As the conflict continues, Covid-19 added yet another layer to the suffering of people in Cameroon. This is why the Global Campaign for Peace and Justice in Cameroon, a non-governmental organization, issued a Covid-19 ceasefire challenge to the Cameroon government and the non-state armed group leaders who are entrenched in the Anglophone conflict. The organization was joined by Nobel Peace Prize laureates Doctor Denis Mukwege, Professor Muhammad Yunus, the Honorable José Ramos-Horta, the Honorable FW de Klerk, the Honorable Oscar Arias Sánchez, former heads of states and human rights experts. The letter was subsequently endorsed by 21 civil society organizations and coalitions from within and outside of Cameroon

They echoed the recent call of UN Secretary-General Guterres for a global ceasefire to mitigate the risk posed by Covid-19 in conflict zones. They challenged the government and military of the Republic of Cameroon, and all non-state armed groups (NSAGs) to call a ceasefire in the two Anglophone regions. Their letter reminds the government of the Republic of Cameroon that it holds a responsibility to protect its citizens under international law.  It states:

“Citizens cannot be protected from Covid-19 and other catastrophic health threats in an active war zone. There should be a ceasefire to:

• protect human life, health workers, patients, health facilities, and ambulances

• allow unfettered access of humanitarian aid to the North-West and South-West regions.”
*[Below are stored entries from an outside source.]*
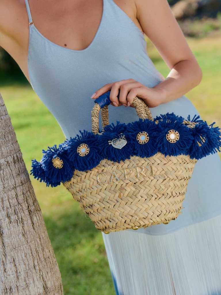 Colourdrops nasce dai colori della costa, dove le onde azzurre baciano le coste dorate e dove gli echi di antiche tradizioni sussurrano nel tempo. Due le coffe ovali di questa linea con manici in pelle riciclata e leziosi pompon.
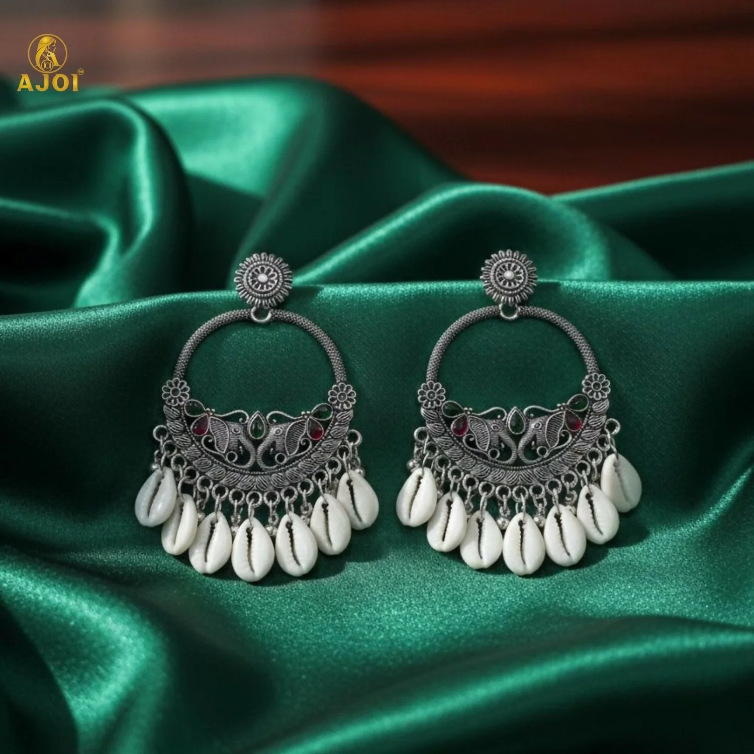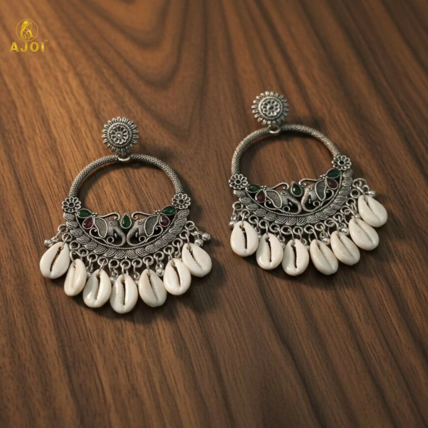Be the first to review Royal Elephant Oxidized Silver Shell Chandbali Earrings with Handcrafted Motifs!
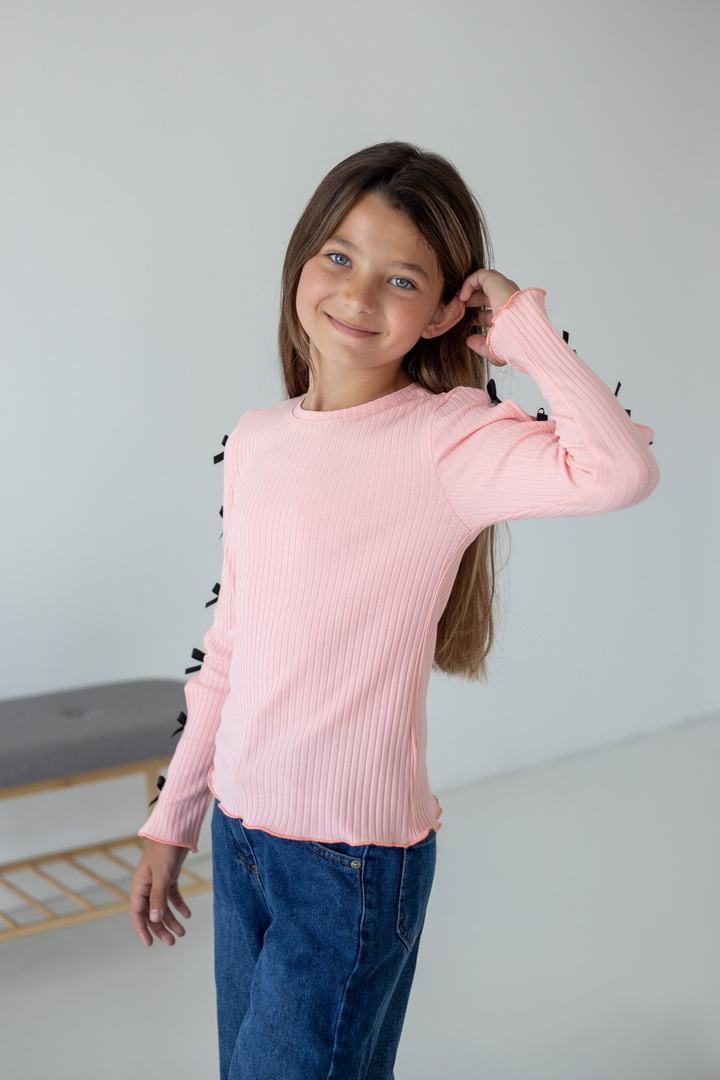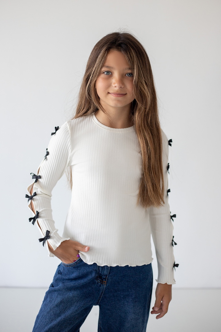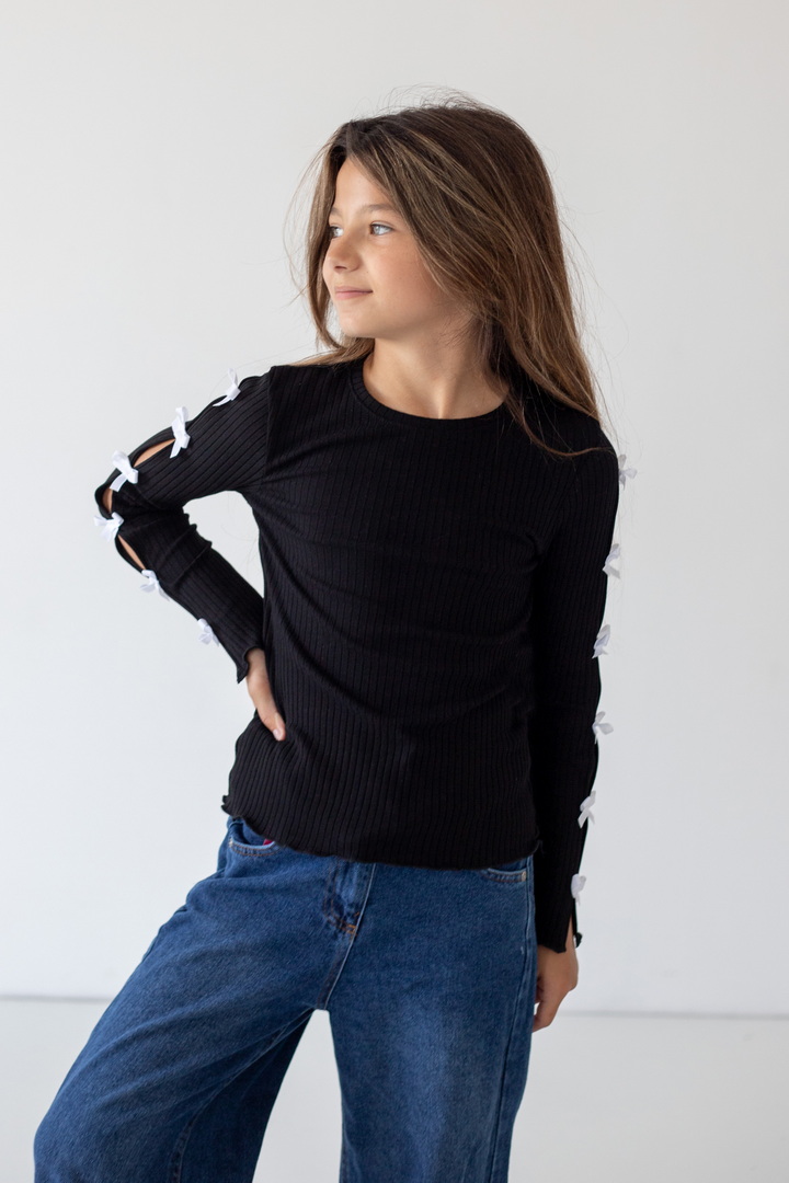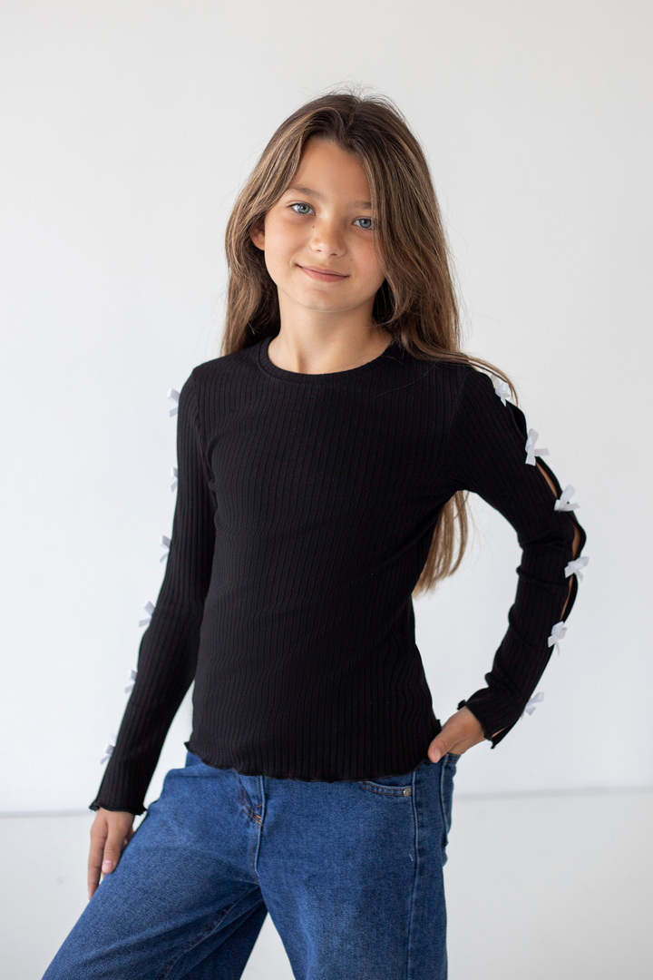 Стильний та комфортний лонгслів для дівчат, виготовлений з м’якої та еластичної тканини мустанг, що приємно облягає тіло та забезпечує зручність протягом дня. Модель має приталений силует, який додає виробу сучасного вигляду. Рукава довгі, з декоративними прорізами вздовж усієї довжини, прикрашеними акуратними бантиками. Така деталь створює ніжний акцент та робить лонгслів яскравим елементом гардероба. Низ виробу та рукавів оформлено хвилястою обробкою, що додає лаконічності та витонченості. Лонгслів ідеально підійде для школи або прогулянок, легко поєднується з джинсами, спідницями та брюками.
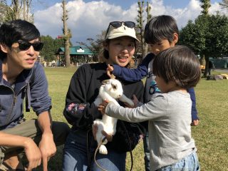 うさんぽに登場するウサギは、「人は怖くないよ、大丈夫」という事を知ってもらうために人の多い場所で人慣れする訓練を積んでおります。
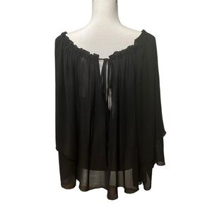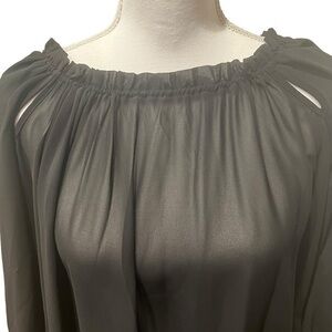 Elan Blouse Chiffon Tunic Top with Adjustable Cut Out Neckline Size Small Black

The letter further calls upon the UN Security Council and UN Secretary-General, the African Union and Africa Centres for Disease Control and Prevention, the Commonwealth, and La Francophonie to use all instruments of power at their disposal to urge the Republic of Cameroon to call a Covid-19 ceasefire and to ensure that Cameroon’s Anglophone conflict is on the agenda of the forthcoming UN Security Council meeting and all UN Regional Office for Central Africa sessions before the UN Security Council.

Some steps have already been taken. For example, the UN Security Council unanimously adopted Resolution 2532, demanding an immediate and durable humanitarian pause in hostilities for a period of at least 90 days to enable safe provision of humanitarian aid and medical services.
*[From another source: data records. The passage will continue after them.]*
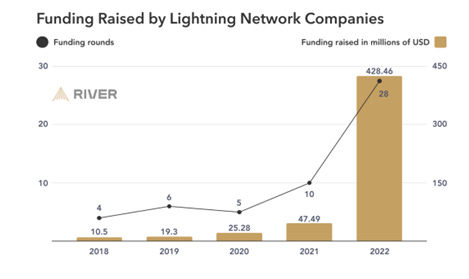 Another interesting chart from the report was published around the amount of investment that has been poured into lightning network companies, which reached $428 million in 2022, up nearly 10x from the year prior.
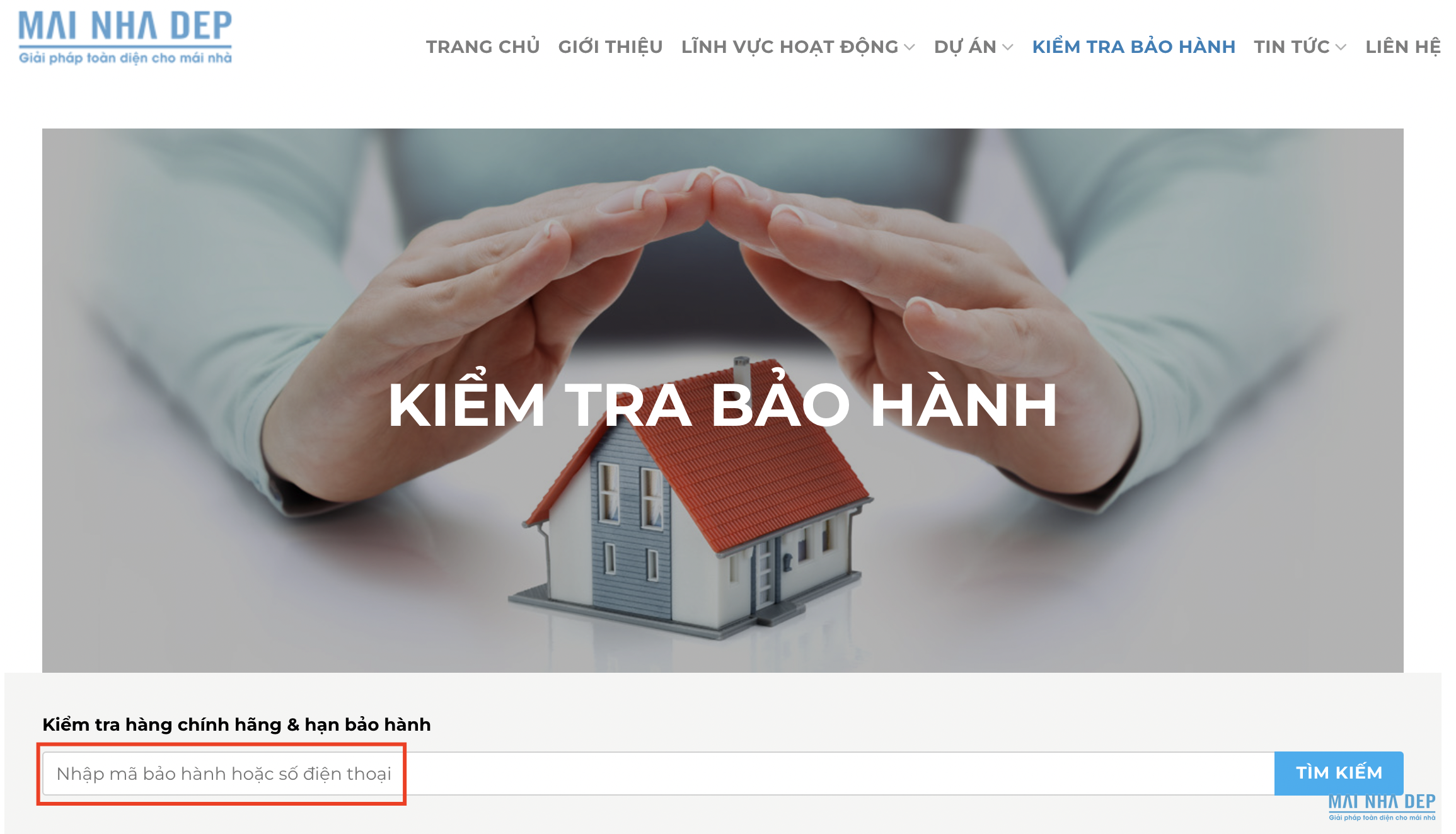 - Truy cập vào trang web chính thức của Mái Nhà Đẹp tại https://mainhadep.com.vn/kiem-tra-bao-hanh/ và nhập mã bảo hành, sau đó nhấn vào tìm kiếm. Mã bảo hành được cung cấp bởi Mái Nhà Đẹp :
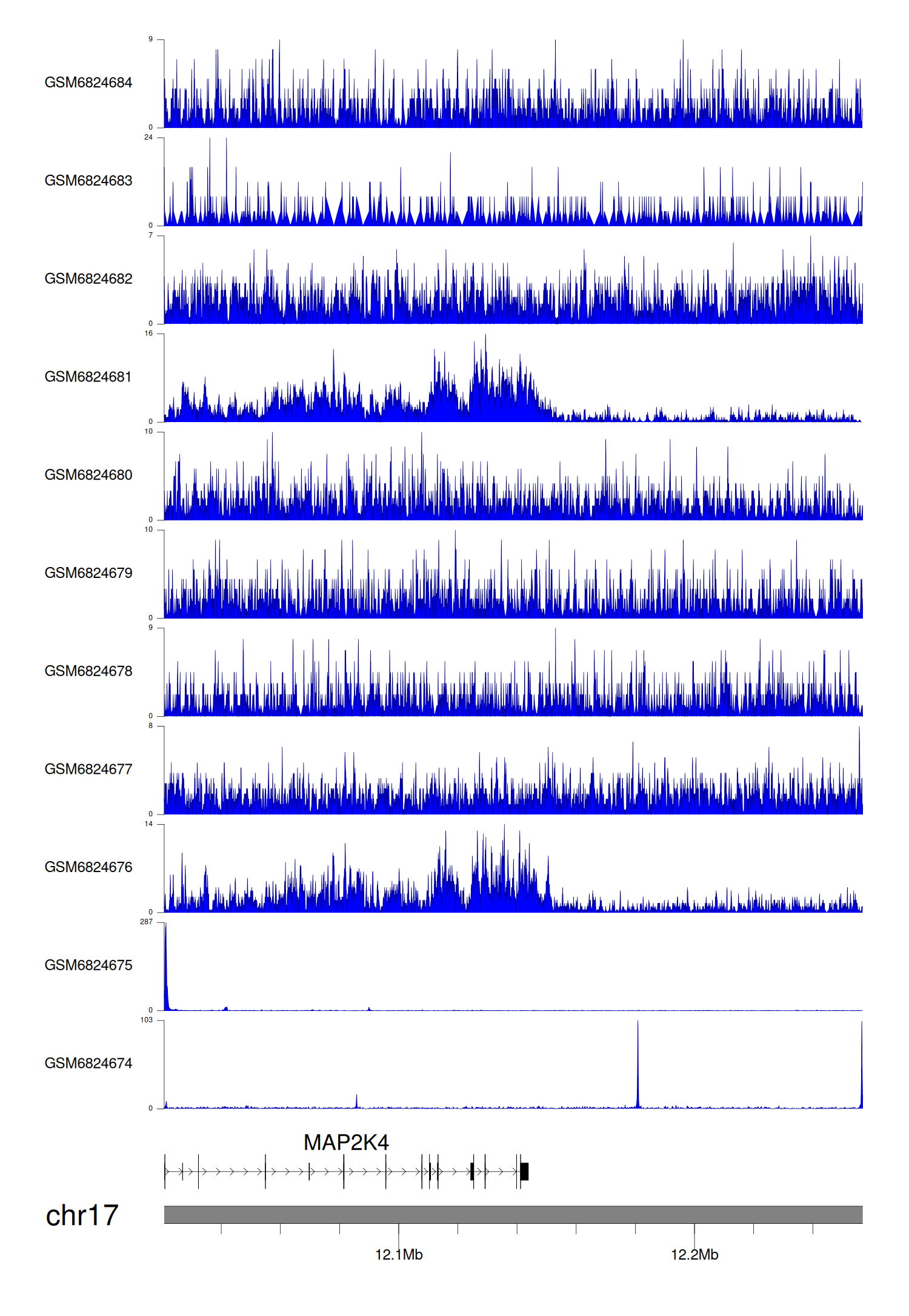 > Dataset: GSE144329 - MAP2K4 peak across samples

While the Cameroonian Minister of Higher Education said that the government had no plans to declare a ceasefire, the Presidency and the Ministry of Defense of Cameroon have not yet formally responded to the calls for a ceasefire. However, some news outlets have been reporting on early ceasefire talks between the parties.

Furthermore, the Global Campaign for Peace and Justice in Cameroon reports that some non-state armed groups have expressed their willingness to engage with the ceasefire calls.

While some small steps are being taken, the letter has yet to elicit a palpable change for the people in Cameroon. The voices which ask for an urgent Covid-19 response to protect populations deprived of medical, cannot be left unanswered.